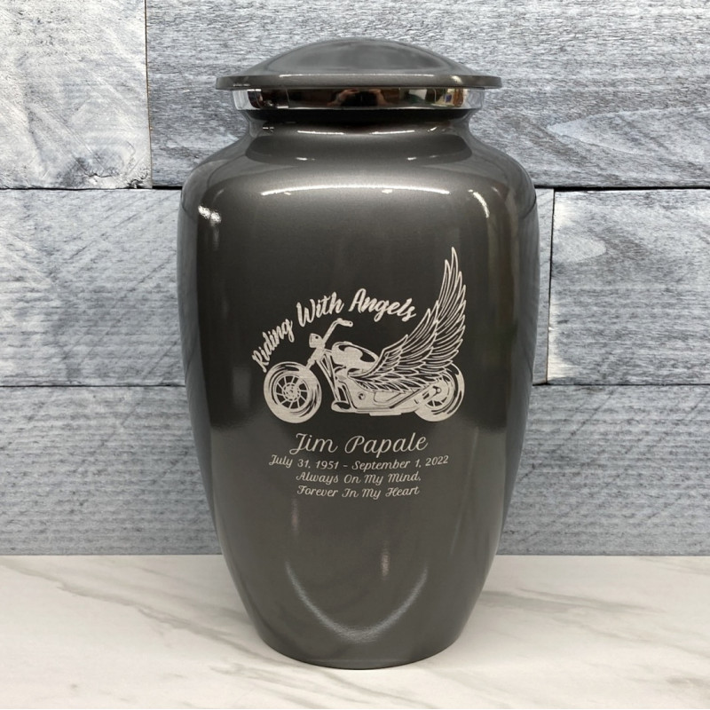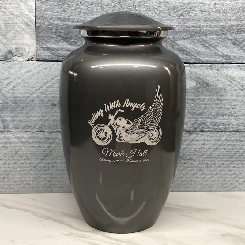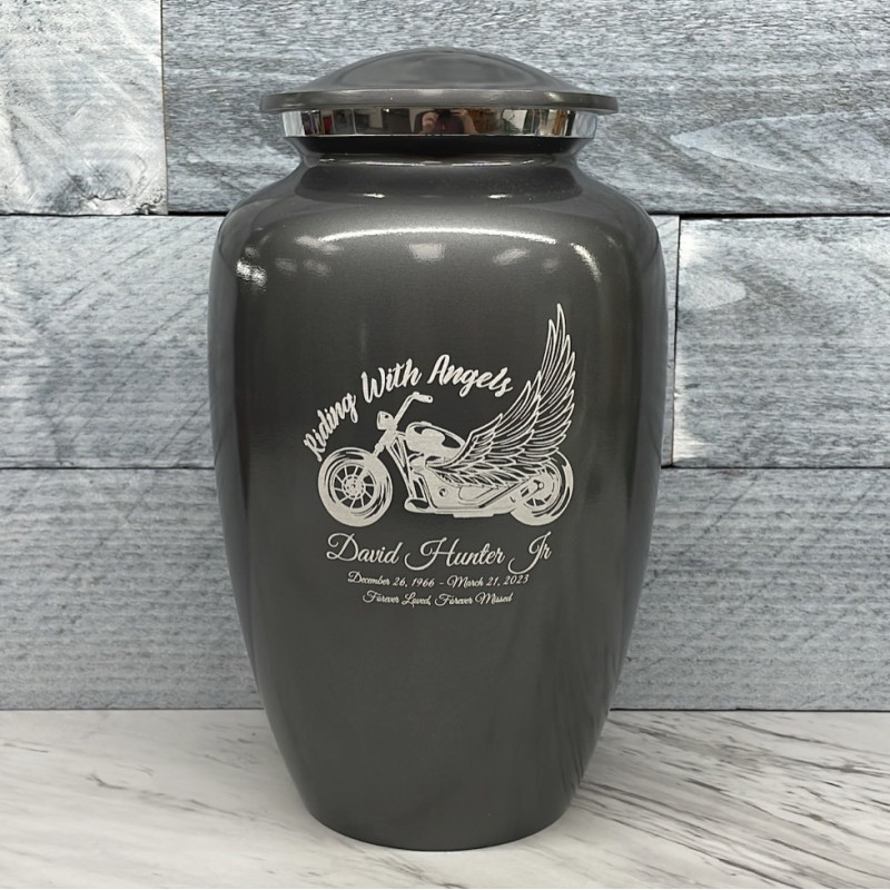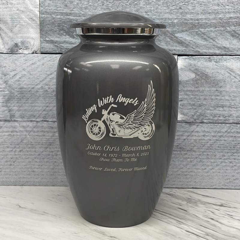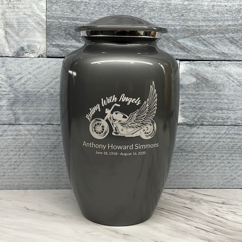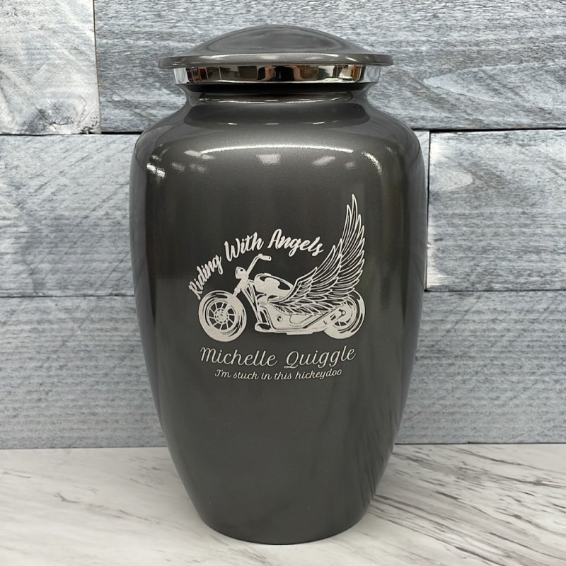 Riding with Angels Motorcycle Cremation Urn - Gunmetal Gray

...

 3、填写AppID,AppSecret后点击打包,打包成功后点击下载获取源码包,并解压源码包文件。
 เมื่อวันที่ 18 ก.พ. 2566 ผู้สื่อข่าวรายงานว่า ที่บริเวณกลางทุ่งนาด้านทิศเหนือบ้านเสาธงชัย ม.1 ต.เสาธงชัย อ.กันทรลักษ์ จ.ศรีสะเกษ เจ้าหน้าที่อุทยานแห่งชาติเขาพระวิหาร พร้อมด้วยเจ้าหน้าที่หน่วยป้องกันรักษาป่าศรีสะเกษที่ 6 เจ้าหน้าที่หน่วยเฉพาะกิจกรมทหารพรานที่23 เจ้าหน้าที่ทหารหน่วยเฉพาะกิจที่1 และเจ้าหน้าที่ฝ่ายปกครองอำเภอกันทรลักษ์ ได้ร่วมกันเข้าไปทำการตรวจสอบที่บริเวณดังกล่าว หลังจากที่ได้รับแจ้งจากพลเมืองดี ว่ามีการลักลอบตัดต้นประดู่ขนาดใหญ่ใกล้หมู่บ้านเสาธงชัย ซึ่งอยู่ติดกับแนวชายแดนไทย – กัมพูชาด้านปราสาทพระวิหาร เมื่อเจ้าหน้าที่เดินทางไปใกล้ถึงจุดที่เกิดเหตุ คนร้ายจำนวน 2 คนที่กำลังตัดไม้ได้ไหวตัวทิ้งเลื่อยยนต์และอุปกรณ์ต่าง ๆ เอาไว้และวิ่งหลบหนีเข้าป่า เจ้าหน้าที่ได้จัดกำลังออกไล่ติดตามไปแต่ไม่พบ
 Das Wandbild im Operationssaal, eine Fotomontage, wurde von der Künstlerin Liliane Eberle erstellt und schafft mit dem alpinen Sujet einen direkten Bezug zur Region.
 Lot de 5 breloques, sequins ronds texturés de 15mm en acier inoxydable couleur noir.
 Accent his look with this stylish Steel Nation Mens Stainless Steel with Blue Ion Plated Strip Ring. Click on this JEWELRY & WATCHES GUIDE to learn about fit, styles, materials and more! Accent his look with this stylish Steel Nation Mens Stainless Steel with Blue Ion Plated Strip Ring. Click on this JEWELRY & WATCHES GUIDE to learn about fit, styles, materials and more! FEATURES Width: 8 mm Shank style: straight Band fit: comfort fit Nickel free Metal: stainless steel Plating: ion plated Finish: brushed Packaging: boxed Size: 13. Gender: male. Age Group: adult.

Aim of the exercise: In the data above, find the line that contains "Das Wandbild im" and the line that contains "Age Group: adult.". Repeat exactly those lines and every line between them, and only those.

Your solution:
 Das Wandbild im Operationssaal, eine Fotomontage, wurde von der Künstlerin Liliane Eberle erstellt und schafft mit dem alpinen Sujet einen direkten Bezug zur Region.
 Lot de 5 breloques, sequins ronds texturés de 15mm en acier inoxydable couleur noir.
 Accent his look with this stylish Steel Nation Mens Stainless Steel with Blue Ion Plated Strip Ring. Click on this JEWELRY & WATCHES GUIDE to learn about fit, styles, materials and more! Accent his look with this stylish Steel Nation Mens Stainless Steel with Blue Ion Plated Strip Ring. Click on this JEWELRY & WATCHES GUIDE to learn about fit, styles, materials and more! FEATURES Width: 8 mm Shank style: straight Band fit: comfort fit Nickel free Metal: stainless steel Plating: ion plated Finish: brushed Packaging: boxed Size: 13. Gender: male. Age Group: adult.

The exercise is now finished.